Unless the universities of Colorado and California at Los Angeles suddenly develop laboratory solutions for Vince Young and Reggie Bush, respectively, almost no one will complain when the universities of Texas and Southern California turn their student-athletes loose at the Rose Bowl for the mythical title.
For reasons that never change -- the disinterest of college presidents, the reticence of college football coaches, the interests of the bowls and the logistical nightmares for fans -- the colleges playing football at the highest level will never decide a champion with playoffs.
Except for years such as this, in which only two teams will last the regular season undefeated, the process treats someone quite unfairly. By the usual turns of reasoning in sports, a large-scale tournament would rectify all the injustices and make the college experience whole.
In practice, though, playoff tournaments at the levels in which the NCAA still controls college football rage with controversy, albeit quiet controversy, since so few pay much attention. Playoff systems in the NCAA's lower three divisions constantly are adjusted in response to complaints, and no two of those three divisions use the same system.
As a purely theoretical exercise, since playoffs will never occur in Division I-A, try answering a question: How would the playoff teams be picked? For whatever number of teams -- four, eight, 12, 16, 24, 32 -- if we could even answer that question, we still need to decide who's going. And for every tournament, there's a different method of decision.
Start at the bottom, with NCAA Division III. The tournament, which began Nov. 9, includes 32 teams. The first 21 spots go to the champions of 21 conferences. Another four spots are reserved for at-large teams from the remaining six conferences and the independents. That leaves seven more discretionary berths for the NCAA Selection Committee, which is supposed to decide on the basis of prescribed criteria.
The criteria also guide the committee through the process of seeding teams in four roughly geographic regional tournaments of eight teams each. But the seedings aren't altogether determined by relative merit, because the committee is empowered to match up first round games so as to prevent long trips.

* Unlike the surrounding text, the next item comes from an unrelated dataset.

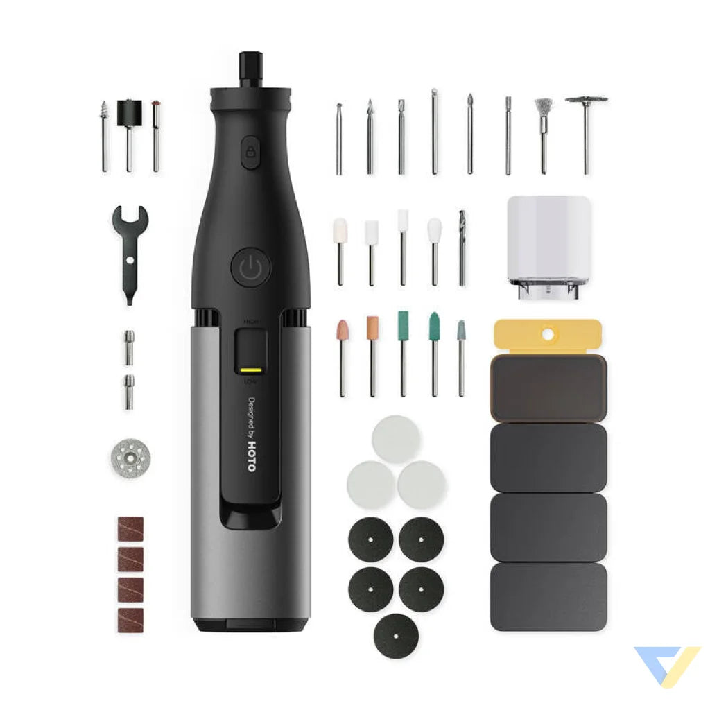 The HOTO QWLDM002 precision multifunction grinder is a tool created for those who value high performance and flexibility in operation. With a powerful brushless motor and adjustable speeds from 5,000 to 35,000 rpm, this grinder can perfectly handle a wide range of tasks such as cutting, carving, grinding, polishing, drilling and more. It is an ideal choice for both amateurs and professionals tackling a variety of craft projects.

When two first-round opponents live within 500 miles of each other, the visiting team travels by bus. Otherwise, the NCAA springs for air travel.

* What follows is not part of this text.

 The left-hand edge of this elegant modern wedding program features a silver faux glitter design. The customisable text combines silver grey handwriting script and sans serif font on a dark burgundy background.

The mighty Wildcats of Linfield College, located in McMinnville, Ore., entered this year's tournament as the champions in waiting after completing last year's 13-0 season with a 28-21 win against Mary Hardin-Baylor in the Amos Alonzo Stagg Bowl. The Wildcats have since extended their winning streak to 23 with another easy championship in the fabled Northwest Conference, where they knocked off this year's top contender, Willamette, 63-21. Over the last four seasons, this one included, Linfield is 44-2.

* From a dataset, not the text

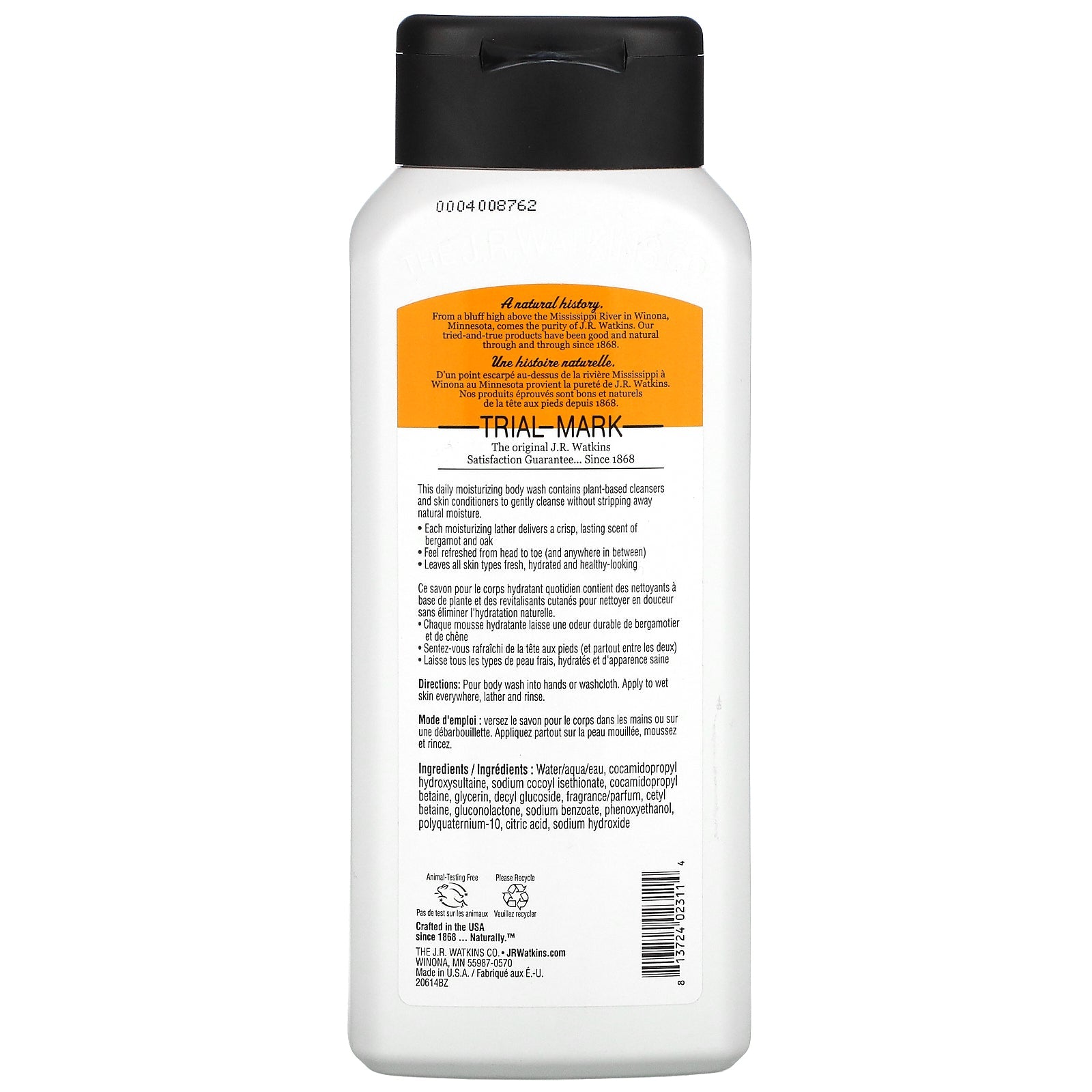 J R Watkins, Men's Body Wash, Bergamot & Oak, 18 fl oz (532 ml)

But beware. These are playoffs, after all, and the decision will be made on the field. Furthermore, the committee evidently decided to mess with Linfield this year. After the final American Football Coaches Association (AFCA) poll made Linfield the landslide No. 1 team with 38 of 40 first place votes, the committee put Linfield into a first-round game against fifth-rated Occidental (Calif.). But the Wildcats simply brushed it off with another 63-21 win.
Should the Wildcats go all the way, they will earn it. Saturday's quarterfinal game, by form, is the championship, for the opposition is supplied by third-rated Wisconsin-Whitewater, which crushed second-ranked traditional power St. John's (Minn.) 34-7 on Nov. 26.
And a danger lurks down the road, emanating from Alliance, Ohio, home of the sixth-ranked Mount Union Purple Raiders. Mount Union is no stranger to this big dance, appearing in the championship game four straight times before last year and winning three of them. Check out their record since 1998: 89-4!
Saturday, the Purple Raiders will undertake a homefield rematch against Ohio Athletic Conference rival Capital, which resides in Columbus. The Purple Raiders won their Oct. 1 meeting 42-24, running their winning streak against the Capital City college to 18 games. But Capital already has engineered one of the tournament's biggest upsets, a 14-11 win at Wabash, seeded at the top of the north bracket.
Division II lives in an entirely different world, except that the tournament is broken into four regions. But each region includes only six teams, making a total of 24 contestants.
How do they decide who plays? Polls. And not just polls, but regional polls -- one for each of the four regions. And that's all there is to it. Conference championships mean nothing, unless they impress voters. The national AFCA poll means nothing. Simply finish the regular season in the top six of your regional poll and you go to the playoffs, seeded accordingly.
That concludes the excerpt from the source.